**MATERIAL FOR THIS EXERCISE**:

.....

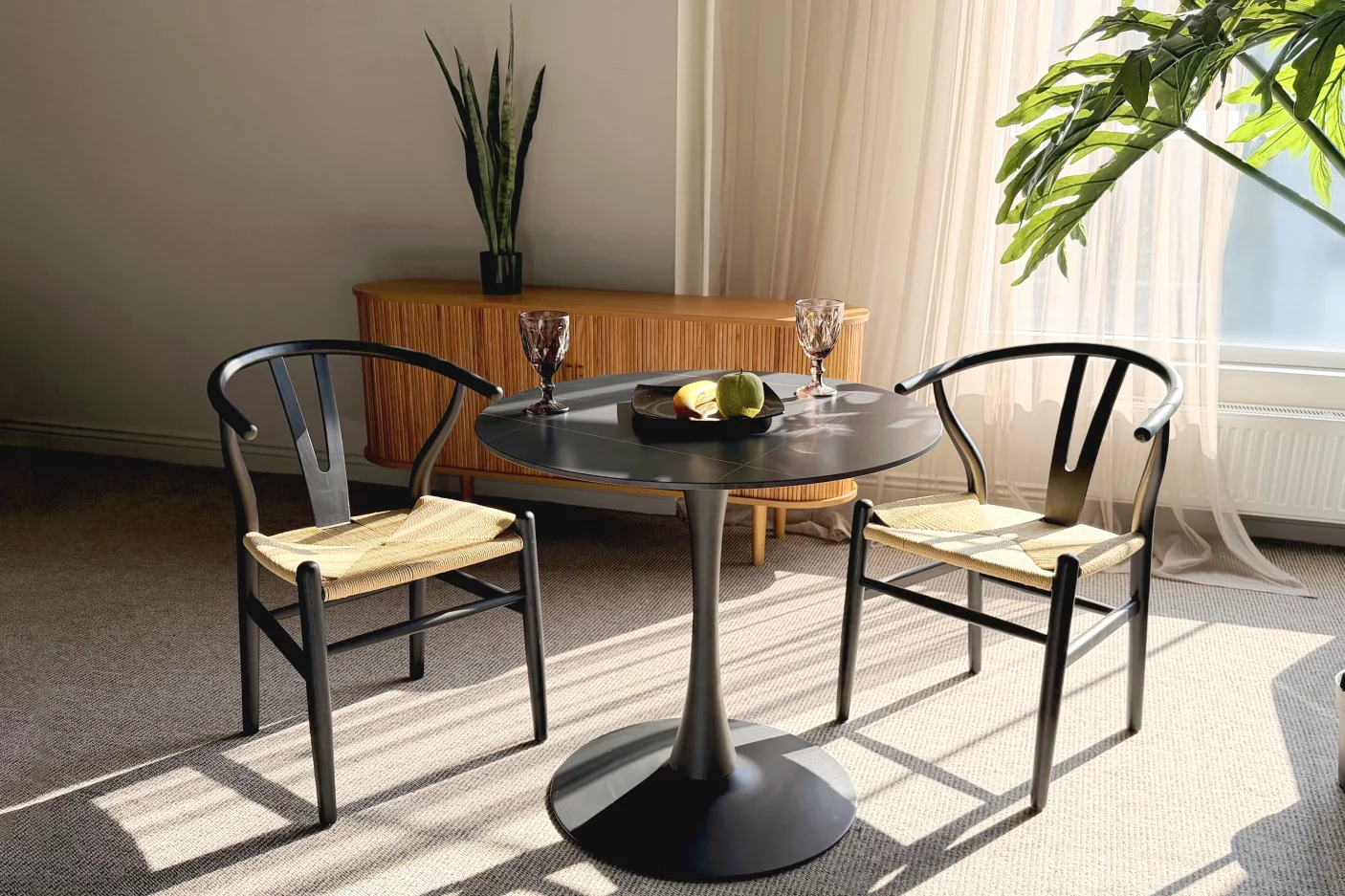 Стильний варіант обіднього столу, що стане справжньою прикрасою будь-якої їдальні. В моделі Olsen гармонійно поєдналися достатньо велика стільниця та витончена опора у вигляді тонкої ніжки на круглій основі, що додає йому елегантного та сучасного вигляду.
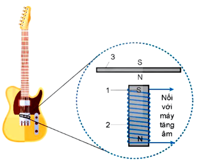 | d) Khi hoạt động dao động của dây đàn (3) tạo ra dòng điện cảm ứng trong cuộn dây (2) có cường độ và chiều phù hợp rồi được dẫn tới máy tăng âm. |
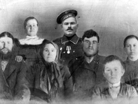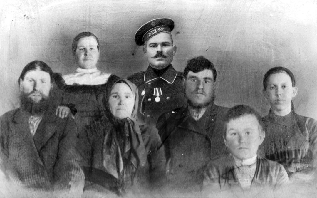 Илья Ефимович и Лукерья Андреевна Притужаловы (стоят) с семьёй мужа.
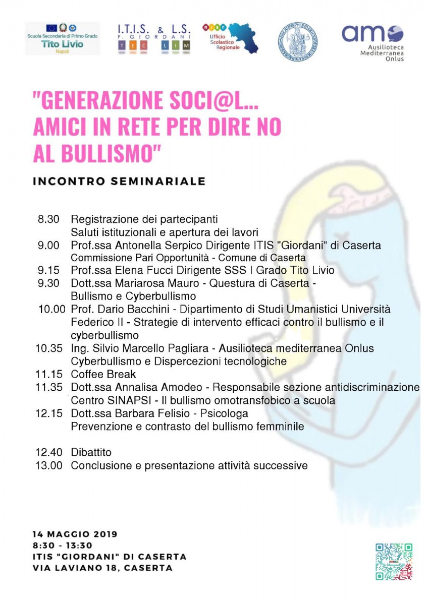Rivolto a tutti i referenti per il contrasto al bullismo delle Scuole della Provincia di Caserta . Il programma è veramente ricco ed interessante . Sarà presente per un saluto la referente dell’ufficio Scolastico Regionale dott ssa Marina de Blasio ."
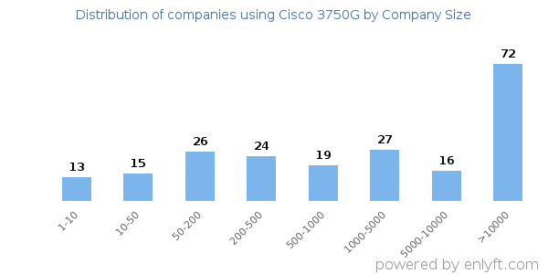 Of all the customers that are using Cisco 3750G, a majority (58%) are large (>$1000M), 22% are small (<$50M) and 13% are medium-sized.
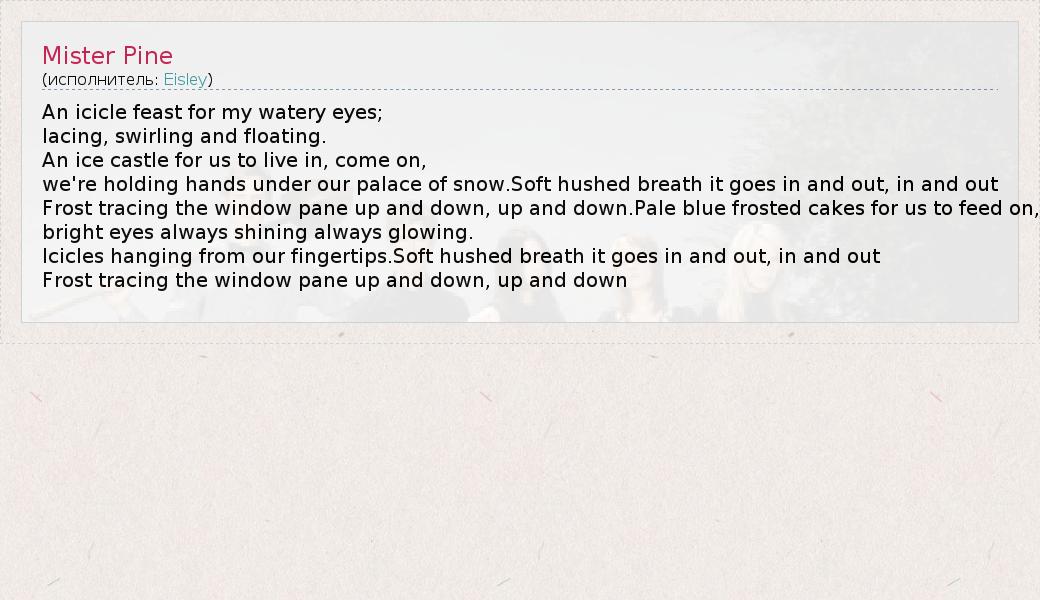 А как ты думаешь, о чем песня "Mister Pine" ?
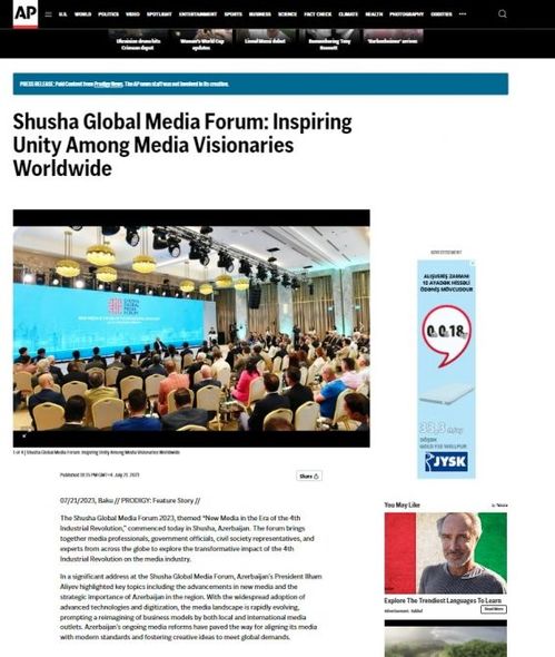 AZƏRTAC xəbər verir ki, ABŞ-ın “The Associated Press” agentliyi və “New York Insider” xəbər portalı Şuşa Qlobal Media Forumunun keçirilməsinin əsas məqsədi, Prezident İlham Əliyevin tədbirdəki çıxışının əsas məqamları ilə bağlı yazılar dərc edib. Məqalələrdə bildirilib ki, Forum 4-cü Sənaye İnqilabının media sənayesinə transformativ təsirini araşdırmaq üçün dünyanın hər yerindən media mütəxəssislərini, hökumət rəsmilərini, vətəndaş cəmiyyəti nümayəndələrini və ekspertləri bir araya gətirib.

.....

**ASSIGNED TASK**: Your answer must be an exact copy of the data above, minus its pictures.

**RESPONSE TO THIS EXERCISE**:
 Стильний варіант обіднього столу, що стане справжньою прикрасою будь-якої їдальні. В моделі Olsen гармонійно поєдналися достатньо велика стільниця та витончена опора у вигляді тонкої ніжки на круглій основі, що додає йому елегантного та сучасного вигляду.
 | d) Khi hoạt động dao động của dây đàn (3) tạo ra dòng điện cảm ứng trong cuộn dây (2) có cường độ và chiều phù hợp rồi được dẫn tới máy tăng âm. |
 Илья Ефимович и Лукерья Андреевна Притужаловы (стоят) с семьёй мужа.
Rivolto a tutti i referenti per il contrasto al bullismo delle Scuole della Provincia di Caserta . Il programma è veramente ricco ed interessante . Sarà presente per un saluto la referente dell’ufficio Scolastico Regionale dott ssa Marina de Blasio ."
 Of all the customers that are using Cisco 3750G, a majority (58%) are large (>$1000M), 22% are small (<$50M) and 13% are medium-sized.
 А как ты думаешь, о чем песня "Mister Pine" ?
 AZƏRTAC xəbər verir ki, ABŞ-ın “The Associated Press” agentliyi və “New York Insider” xəbər portalı Şuşa Qlobal Media Forumunun keçirilməsinin əsas məqsədi, Prezident İlham Əliyevin tədbirdəki çıxışının əsas məqamları ilə bağlı yazılar dərc edib. Məqalələrdə bildirilib ki, Forum 4-cü Sənaye İnqilabının media sənayesinə transformativ təsirini araşdırmaq üçün dünyanın hər yerindən media mütəxəssislərini, hökumət rəsmilərini, vətəndaş cəmiyyəti nümayəndələrini və ekspertləri bir araya gətirib.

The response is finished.